**Raw data:**
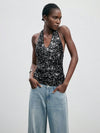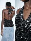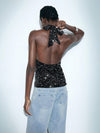 Top elegante e da cittˆ alla moda nero con paillettes scintillanti
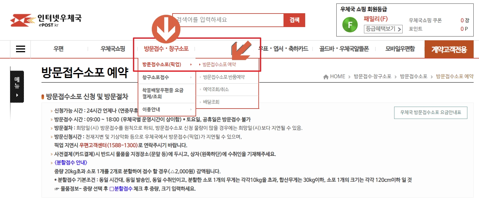 3) 우체국 홈페이지 접수 하기: 방문접수, 창구소포 → 방문접수소포(픽업) → 방문접수소포예약
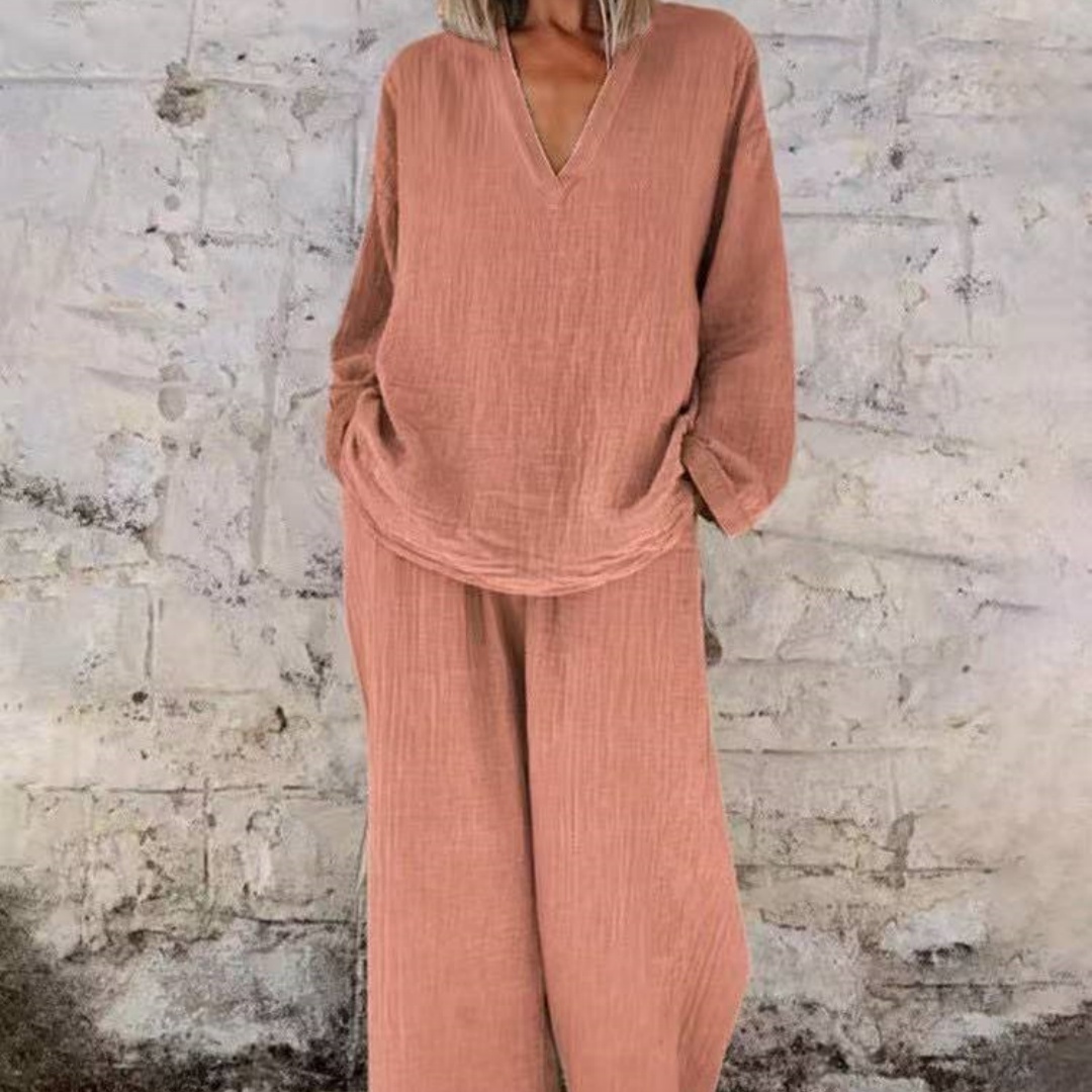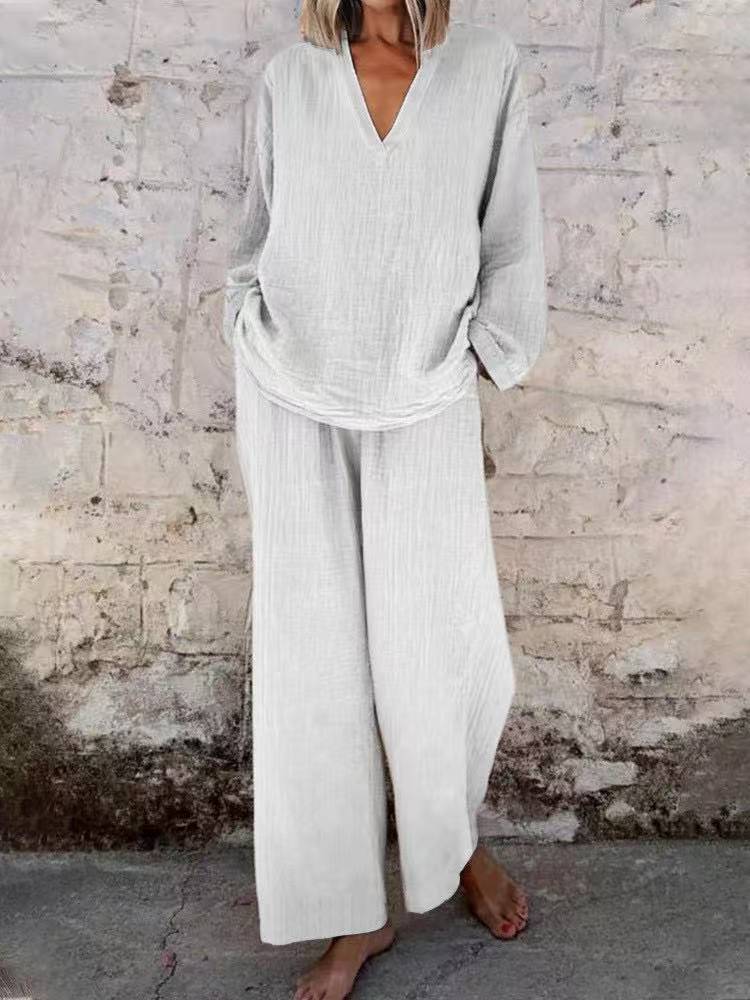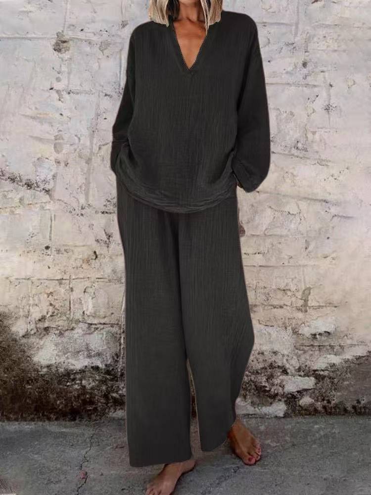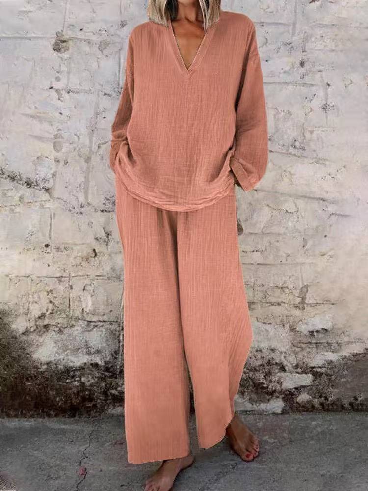 Women’s Solid Color Casual V-neck Pullover Long Sleeve Trousers Suit

**Exercise instructions:**
The answer is the listing above repeated verbatim, minus its images.

**Written answer:**
 Top elegante e da cittˆ alla moda nero con paillettes scintillanti
 3) 우체국 홈페이지 접수 하기: 방문접수, 창구소포 → 방문접수소포(픽업) → 방문접수소포예약
 Women’s Solid Color Casual V-neck Pullover Long Sleeve Trousers Suit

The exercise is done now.